In other words, Whittaker, 46, understands that cable car travel is theater. Also a team sport, a rolling history lesson and, if you're not on the ball, an accident about to happen. But when he was a kid in a public housing project at the end of the Powell-Mason line, Whittaker says, "it was just transportation."
Then he grew up and started driving 40-foot diesel buses, 40-foot trolley buses, 60-foot trolley buses and finally cable cars, which are far more challenging than their 9.5 mph maximum speed might suggest. Besides upper-body strength, the job demands intense "physical and mental coordination," in the words of David Banbury, superintendent of Muni's cable car division. The cable car training course's "washout rate," Banbury says, is 75%.
The greatest danger? Whittaker says it's fare-hungry taxi drivers who swerve across lanes to the curb. Grip operators and conductors also worry about the condition of the cables just under street level (they fray and need replacing regularly), scofflaw passengers who jump on and off cable cars while they're moving, clueless or aggressive pedestrians, clueless or aggressive drivers, and other cable cars, which pass just a few feet away.
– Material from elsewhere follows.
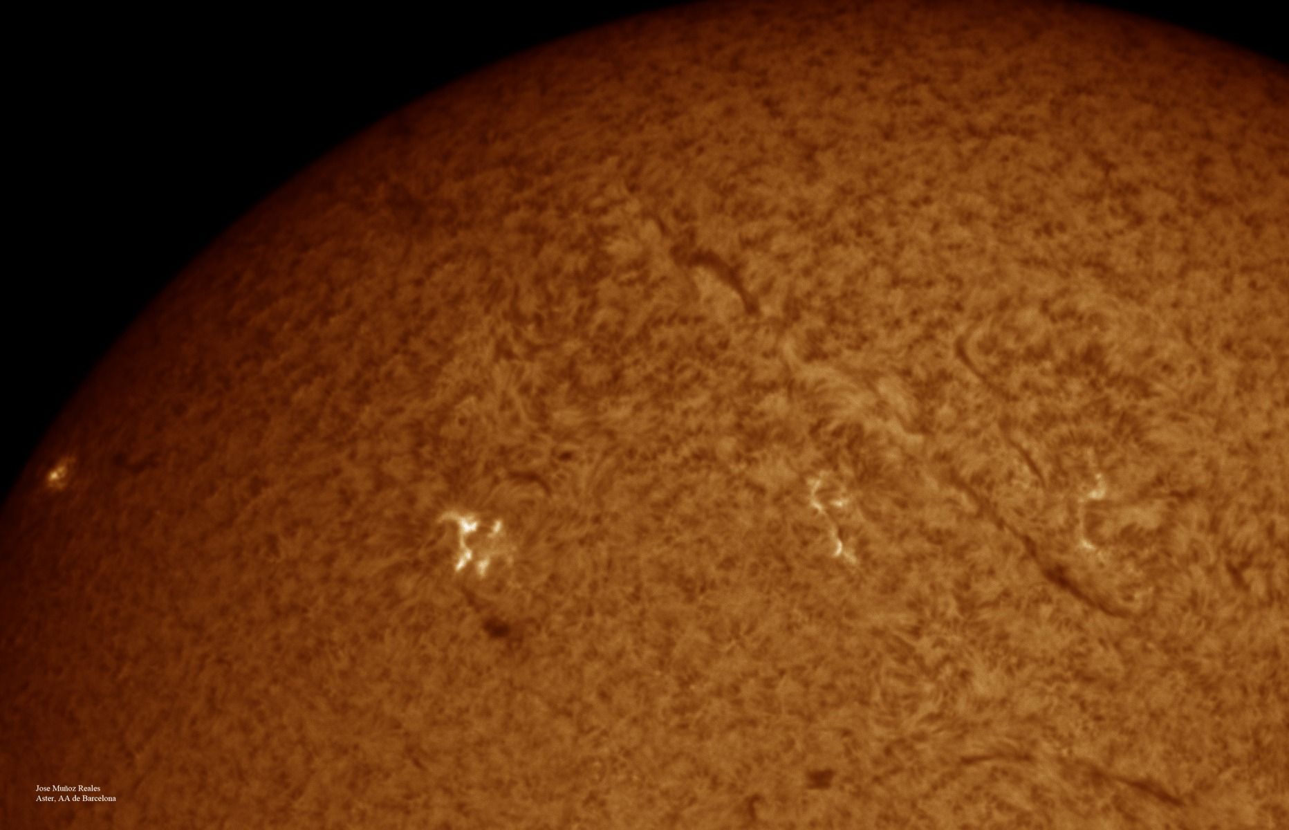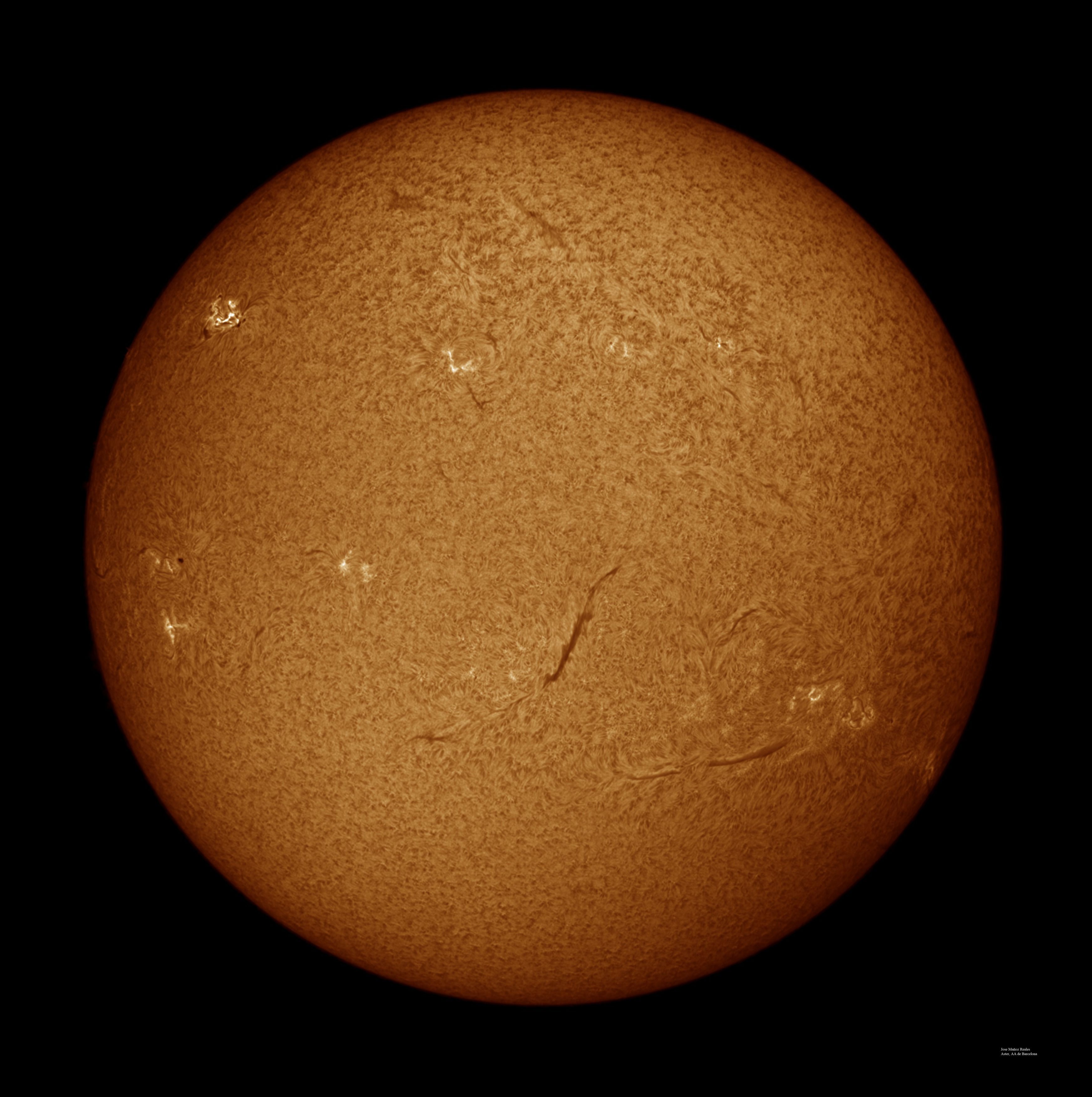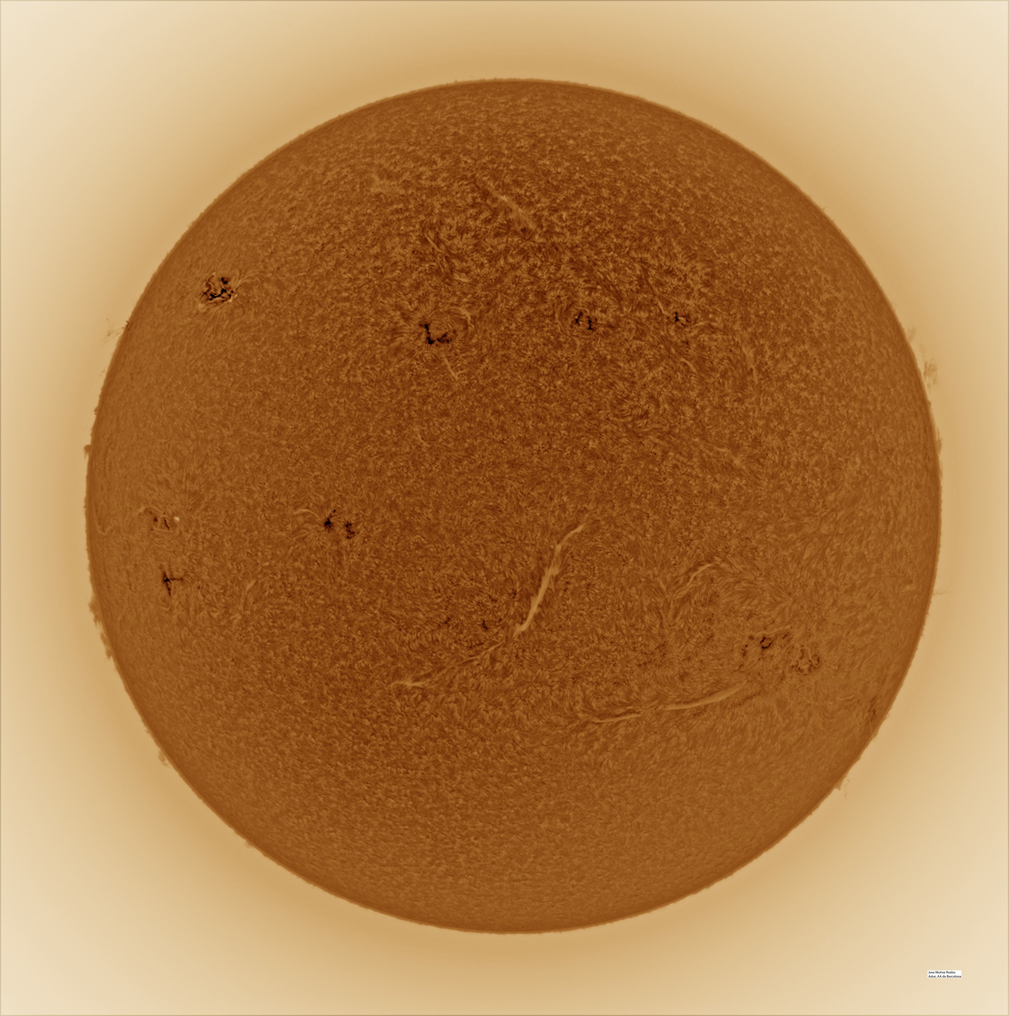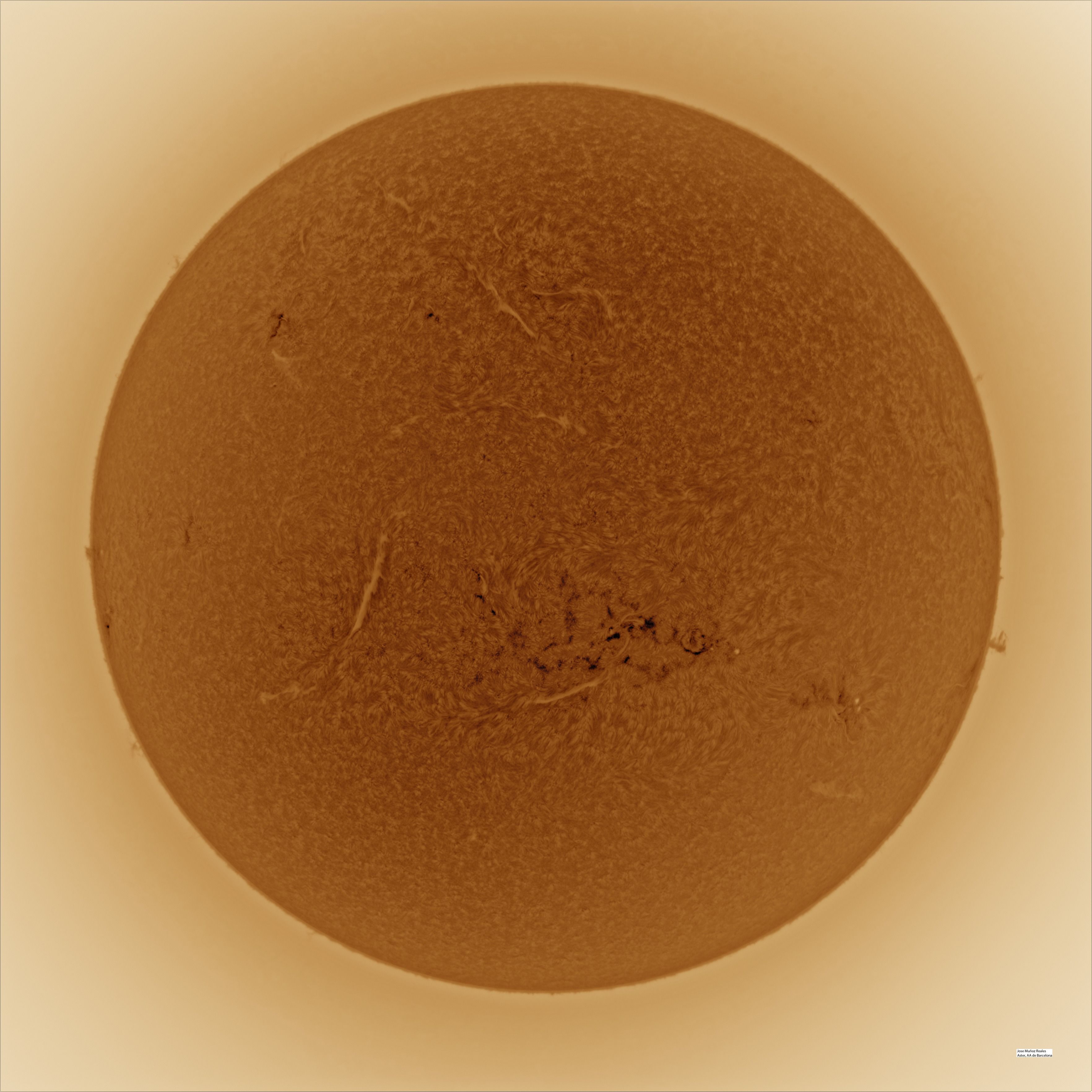 | Autor: Albert Sánchez Instrumento: - Ha: ED120 f-38 + ASI183MM + Quark H alpha - Ca: Baader K-Line - Visible: Filtro Calcio y Baader Astrosolar |

On the most congested and touristy stretch of Powell Street, near Union Square, says Whittaker, "you have to be able to deal with seven or eight things at a time," which might explain the cranky manners of some crews. Meanwhile on the California Street line, riders tend to be savvier locals; in fact, many try to ride without paying.
Whittaker sidesteps questions about his colleagues' manners, but he's happy to talk about the city cable car bell-ringing competition, which he won last year. Demonstrating old-school and new-school styles, Whittaker first works the bell like a jazz drummer riding a cymbal, then segues into a hip-hoppy dance beat.
And yes, he has carried some famous passengers. Former 49ers Joe Montana and Ronnie Lott, for instance. Yankees star Alex Rodriguez. Once, Whittaker says, "I had Woody Allen on the cable car. But even when I said, 'Hey, we have Woody Allen on board!' nobody would believe me."